Work item:
Retype the entries exactly; omit all pictures.

Task inputs:
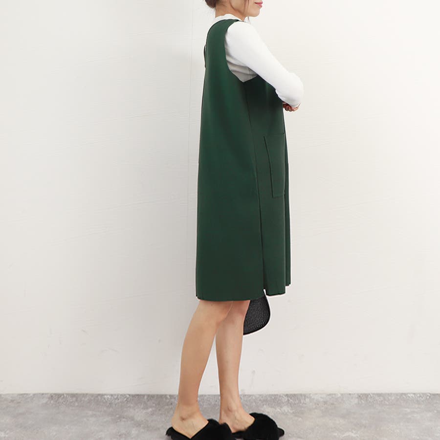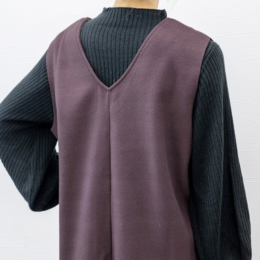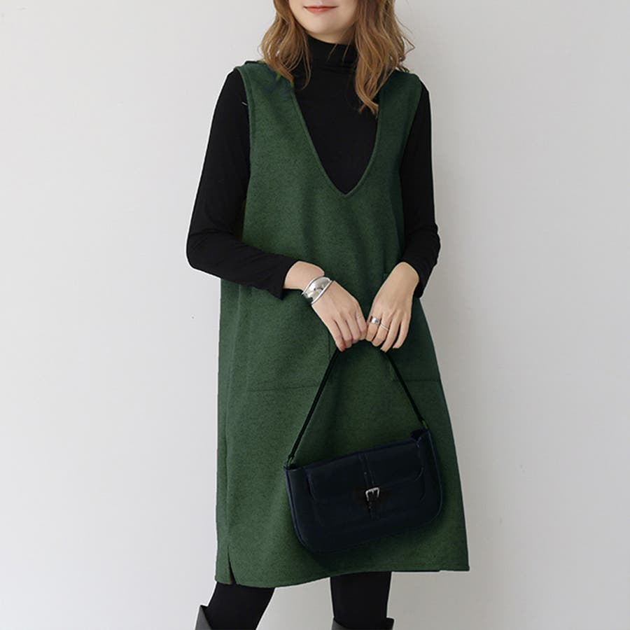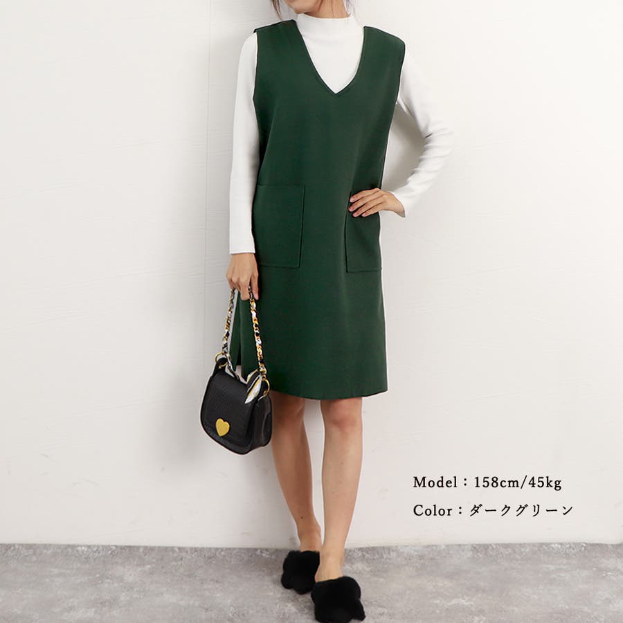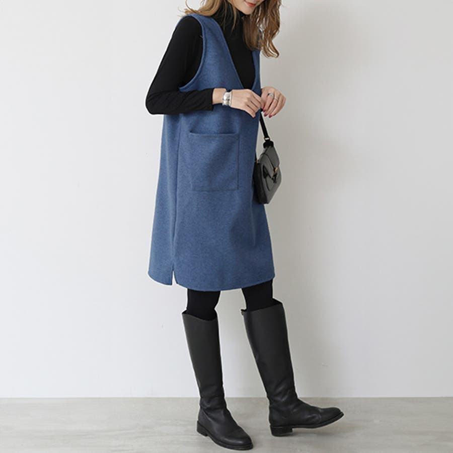 深めのVネックでデコルテラインを綺麗に演出するベストワンピース
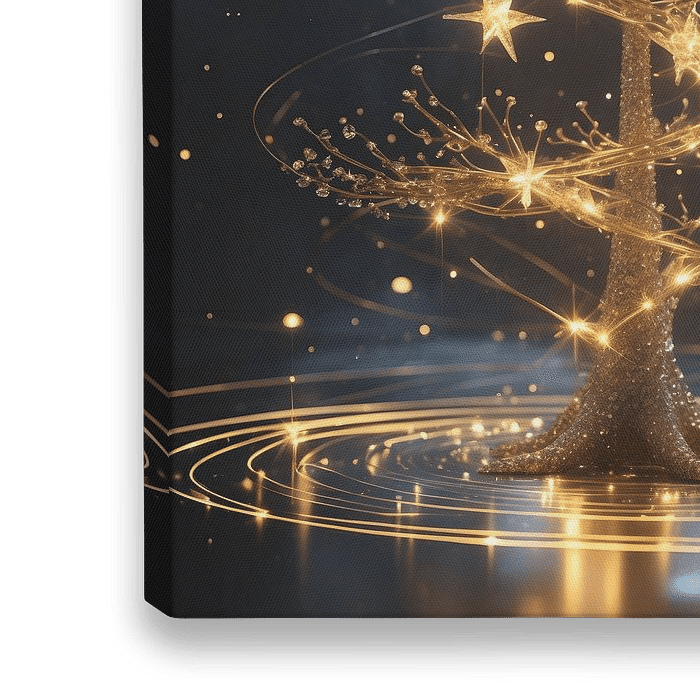 Een boom van licht, geboren uit puur goud en fonkelend sterrenstof. Lumina Arbor vangt het magische moment waarop de nacht zijn adem inhoudt en de wereld badend in goud ontwaakt. De slanke, glinsterende takken dragen sprankelende sterren, die als hemelse juwelen boven de aarde zweven. Elk detail straalt verfijning en elegantie uit, van de zachte gloed rond de kruin tot de subtiele weerspiegeling in de donkere achtergrond.
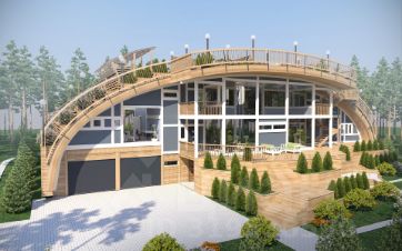 Двухэтажный дом с цоколем, эксплуатируемой кровлей (арочная конструкция), атриумом и вторым светом гостиной.
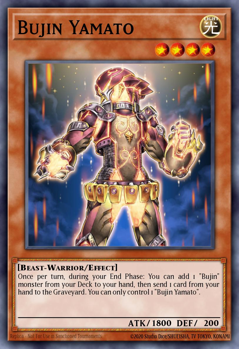 Once per turn, during your End Phase: You can add 1 "Bujin" monster from your Deck to your hand, then send 1 card from your hand to the Graveyard. You can only control 1 "Bujin Yamato".
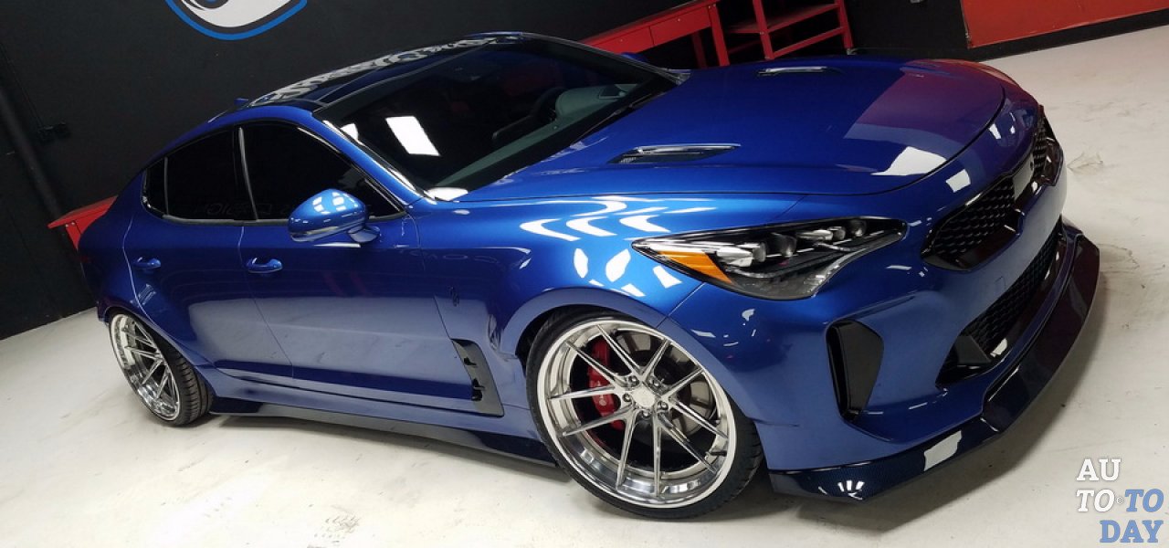Теперь у нас есть все детали, например, подвеска была понижена на 1,4 дюйма спереди и 1,2 дюйма сзади, наличие 21-дюймовых кованых колес Keen и, конечно же, легкого широкого комплекта кузова, что позволяет новому Stinger без страха ездить на вісокой скорости. Как вы можете видеть, задняя часть особенно агрессивна благодаря массивным диффузорам и четырехугольным выхлопным наконечникам.

Task solution:
 深めのVネックでデコルテラインを綺麗に演出するベストワンピース
 Een boom van licht, geboren uit puur goud en fonkelend sterrenstof. Lumina Arbor vangt het magische moment waarop de nacht zijn adem inhoudt en de wereld badend in goud ontwaakt. De slanke, glinsterende takken dragen sprankelende sterren, die als hemelse juwelen boven de aarde zweven. Elk detail straalt verfijning en elegantie uit, van de zachte gloed rond de kruin tot de subtiele weerspiegeling in de donkere achtergrond.
 Двухэтажный дом с цоколем, эксплуатируемой кровлей (арочная конструкция), атриумом и вторым светом гостиной.
 Once per turn, during your End Phase: You can add 1 "Bujin" monster from your Deck to your hand, then send 1 card from your hand to the Graveyard. You can only control 1 "Bujin Yamato".
Теперь у нас есть все детали, например, подвеска была понижена на 1,4 дюйма спереди и 1,2 дюйма сзади, наличие 21-дюймовых кованых колес Keen и, конечно же, легкого широкого комплекта кузова, что позволяет новому Stinger без страха ездить на вісокой скорости. Как вы можете видеть, задняя часть особенно агрессивна благодаря массивным диффузорам и четырехугольным выхлопным наконечникам.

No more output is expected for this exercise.